USE AdventureWorks2014 GO SELECT pch.StandardCost, p.ProductID FROM Production.ProductCostHistory pch INNER JOIN Production.Product p ON pch.ProductID = p.ProductID WHERE pch.StandardCost > AVG(p.StandardCost) GO
Now when you run the above query, it gives us the following error:
Msg 147, Level 15, State 1, Line 17
An aggregate may not appear in the WHERE clause unless it is in a subquery contained in a HAVING clause or a select list, and the column being aggregated is an outer reference.
Now here is your task, you need to help me to fix the above query. The hint to resolve the query is already in the blog post’s title and in the query error. You need to understand what my query is attempting to do and use the hint which is already pointed out to you. After you successfully fix the query it will produce the following results.
Rules
Well, there are no real rules, as long as you modify my query to get me above results. Please post your query in the comments section below before April 22, 2019. I will keep all the answers hidden till April 22, 2019 11:59:00 PM.
Winner
One Winner will get 1 free seat for my upcoming class, which is worth USD 1000.
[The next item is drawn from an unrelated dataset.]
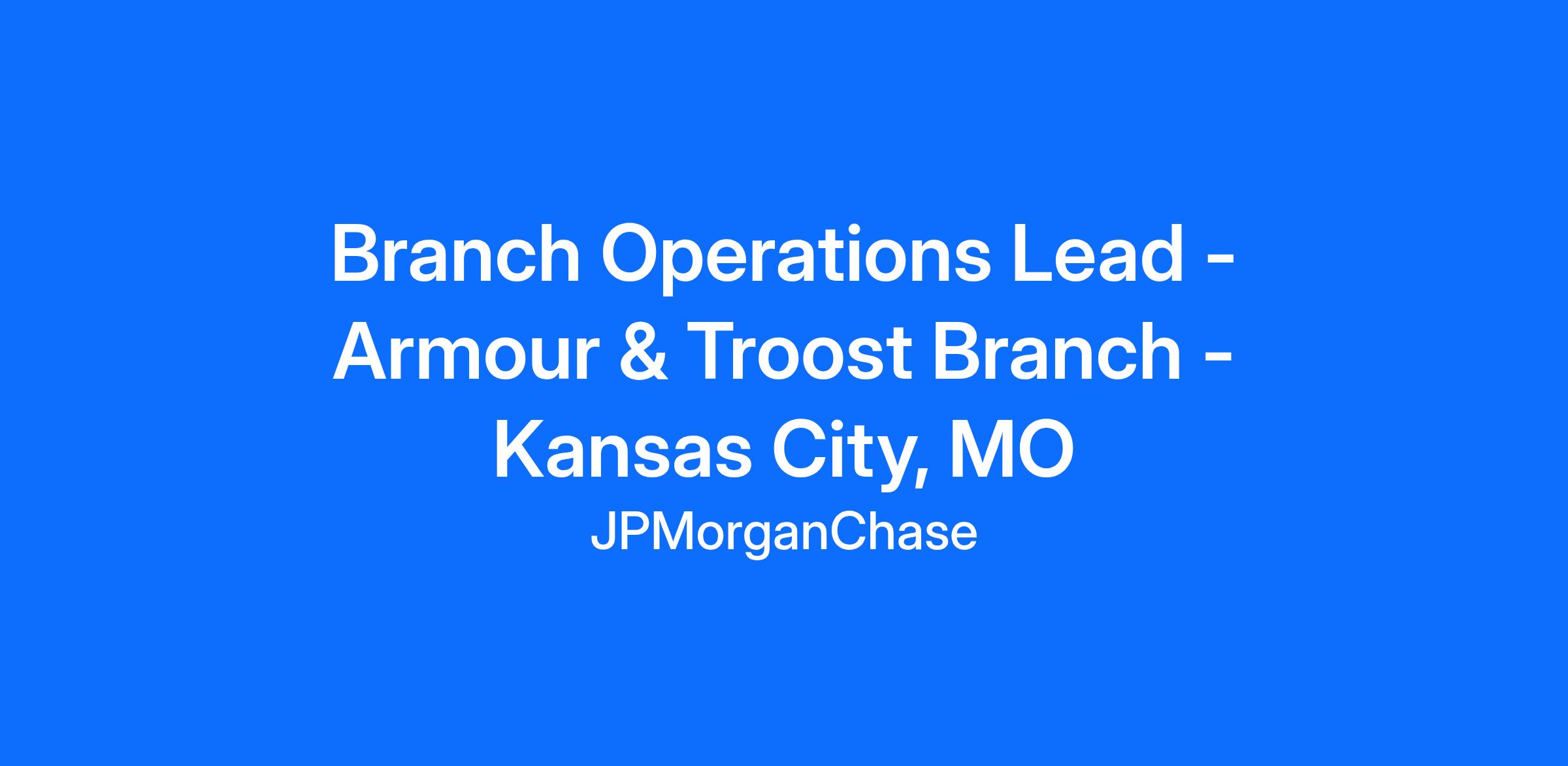 Branch Operations Lead - Armour & Troost Branch - Kansas City, MO

SQL Server Performance Tuning Practical Workshop for EVERYONE
Date:Â April 23, 2019, Tuesday
8:00 AM Pacific Time | 11:00 AM Eastern Time
If you do not want to take part in the contest, you can directly register for the class here.
Update: April 23, 2019
The contest is closed and the winning Answer is here:
USE AdventureWorks2014 GO SELECT pch.ProductID, pch.StartDate,pch.EndDate, pch.StandardCost, pch.ModifiedDate FROM Production.ProductCostHistory pch INNER JOIN Production.Product p ON pch.ProductID = p.ProductID WHERE pch.StandardCost > p.StandardCost GO
There is no need for the AVG on the StandardCost as there will be always a single entry for the product. Even if you change the query with group by + having you will still see the query uses the simple join.
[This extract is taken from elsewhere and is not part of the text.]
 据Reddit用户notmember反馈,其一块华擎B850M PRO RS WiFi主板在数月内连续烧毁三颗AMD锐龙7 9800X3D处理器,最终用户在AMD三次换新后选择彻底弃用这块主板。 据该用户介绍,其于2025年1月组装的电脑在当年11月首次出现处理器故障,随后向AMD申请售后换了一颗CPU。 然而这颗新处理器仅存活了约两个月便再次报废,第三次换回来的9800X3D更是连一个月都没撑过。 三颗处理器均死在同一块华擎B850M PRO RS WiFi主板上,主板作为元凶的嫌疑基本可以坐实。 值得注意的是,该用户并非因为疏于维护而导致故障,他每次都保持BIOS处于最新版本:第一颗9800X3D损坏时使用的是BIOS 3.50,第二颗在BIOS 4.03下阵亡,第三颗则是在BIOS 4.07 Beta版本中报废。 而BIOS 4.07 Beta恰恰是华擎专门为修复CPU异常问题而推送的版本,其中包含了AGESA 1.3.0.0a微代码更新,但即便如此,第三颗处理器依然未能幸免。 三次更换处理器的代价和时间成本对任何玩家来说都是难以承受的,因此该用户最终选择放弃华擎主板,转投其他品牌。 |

Congratulations to the winner Nicholas Månsson. He is very excited to join the SQL Server Performance Tuning Practical Workshop for EVERYONE.
Everyone who participated you got to solve this difficult puzzle so indirectly you are a winner (of knowledge) as well. This was an intense competition with over 500 comments.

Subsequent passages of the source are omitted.